The design and selection criteria for the original Framingham Heart Study and the Framingham Offspring Study have been described previously.13 14 Participants were eligible for the present study if they were free from cardiovascular disease when attending the 11th examination visit of the original cohort (1968-71), or the first (1971-75) examination visit of the offspring cohort, were aged 30 to 74 years, had complete data on risk equation covariates, were not receiving treatment to lower blood pressure or cholesterol levels, and had an estimated risk of cardiovascular disease within 10 years that was less than 20% (using the Framingham equation7). The resulting study sample had 3855 participants.

Follow-up

For both studies, follow-up visits were used where data were available to allow calculation of cardiovascular risk. For the Tokyo study this was approximately yearly visits between 2005 and 2010. For the Framingham Heart Study, this was the 15th (1977-79) and 20th (1986-90) examination visits, and for the offspring study this was the second (1979-83), third (1983-87), fourth (1987-91), and fifth (1991-95) examination visits. Those who developed cardiovascular disease during the period of follow-up without crossing the treatment threshold were omitted from the analysis at later time points.

Measurement of risk factors

In the Tokyo study, blood pressure measurements were taken in the sitting position by trained nurses; blood pressure measurements were made twice, once after sitting quietly for several minutes and then again after at least two minutes. The average of the two readings was recorded as the participant’s blood pressure. A fully automatic calibrated oscillometric blood pressure measuring device (BP-203 RV II, Colin, Japan) was used with a standard arm cuff. In Framingham, blood pressure measurements were made on the left arm of the seated participants with a mercury column sphygmomanometer and an appropriately sized cuff; the average of two doctor obtained measures constituted the examination blood pressure.

In both studies serum total and high density lipoprotein cholesterol levels were determined with standardised enzymatic methods. Cigarette smoking status was ascertained by self report. Diabetes was defined as fasting glucose ≥126 mg/dL15 or use of insulin or oral hypoglycaemic drugs. Blood pressure and cholesterol lowering treatment was based on self report (Tokyo and Framingham) and ascertained by the doctor examiner at the heart study (Framingham16).

Statistical analysis

For each individual we calculated their estimated risk of cardiovascular disease within 10 years (based on the Framingham risk equation7) at each time point. Where the measurement of systolic blood pressure (90-200 mm Hg), high density lipoprotein cholesterol (10-100 mg/dL), or total cholesterol (100-405 mg/dL) fell outside of the ranges used by the Framingham online risk calculator, we used the minimum or maximum limit as is recommended.17 To deal with the problem of ages outside of the recommended range, we did additional analyses restricted to people who were aged 74 years or less at the final follow-up visit.
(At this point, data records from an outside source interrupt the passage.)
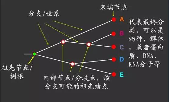 有根樹指定了根節(jié)點,樹中可以看出各個節(jié)點的距離和祖先節(jié)點以后各個分枝分化的先后關(guān)系,因此可以用于分化時間的推斷;
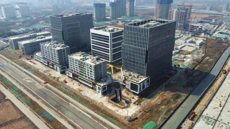 截至目前,项目一二号楼已完成主体施工,正在进行机电安装及幕墙收尾工作,三四五号楼已完成机电安装及外立面的幕墙安装,室外管线施工已完成,正在进行景观绿化施工,即将开始室内精装修施工,预计2025年建成投入使用。
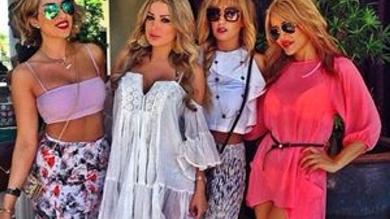 Fotoğraflarda, estetik ameliyatlı genç kadınlar ellerinde içki kadehleriyle poz veriyor.

Some people started treatment during the follow-up period, which may have partially negated the increase in risk that would otherwise have occurred. To allow for this, we estimated their blood pressure or cholesterol level subsequent to the time treatment was started by adding the mean increase in risk found in treatment naive patients to the last risk estimate before the patients started treatment.
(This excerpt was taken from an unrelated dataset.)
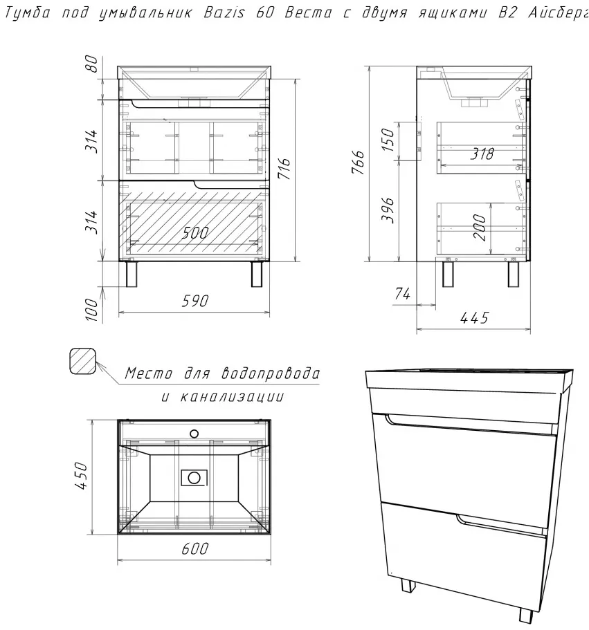Характеристики товара Тумба под умывальник напольная Айсберг Веста 60 белый DV5911T

We defined four subgroups of people based on baseline risk: <5%, 5-<10%, 10-<15%, and 15-<20% 10 year risk. We calculated the point prevalence of crossing the 20% treatment threshold at time points of 1, 2, and 3 years (Tokyo study) and 8, 12, 16, and 19 years after initial assessment (Framingham study, median follow-up times for data used). We used the point prevalence estimates to plot the estimated probability of crossing the treatment threshold over time. Within the risk groups, we also conducted analyses stratified by decade of age (30-39 years, 40-49 years, 50-59 years, 60-69 years, and ≥70 years), to determine whether the risk of crossing the treatment threshold depended on age independent of baseline risk.

Results

Table 1 summarises the baseline characteristics of the two cohorts. At baseline most of the participants in both studies were at very low risk (60.6% and 45.7% of Tokyo and Framingham cohorts, respectively, had <5% risk) or low risk (24.0 and 28.0% of Tokyo and Framingham cohorts had 5-<10% risk).

Table 1

 Baseline characteristics of two cohorts. Values are numbers (percentages) unless stated otherwise

View this table:

The number of participants who started blood pressure and cholesterol lowering treatment during follow-up in the two studies was generally low, reaching a maximum of around one third of participants in the Framingham study after 19 years of follow-up (see supplementary table 1 for detailed results).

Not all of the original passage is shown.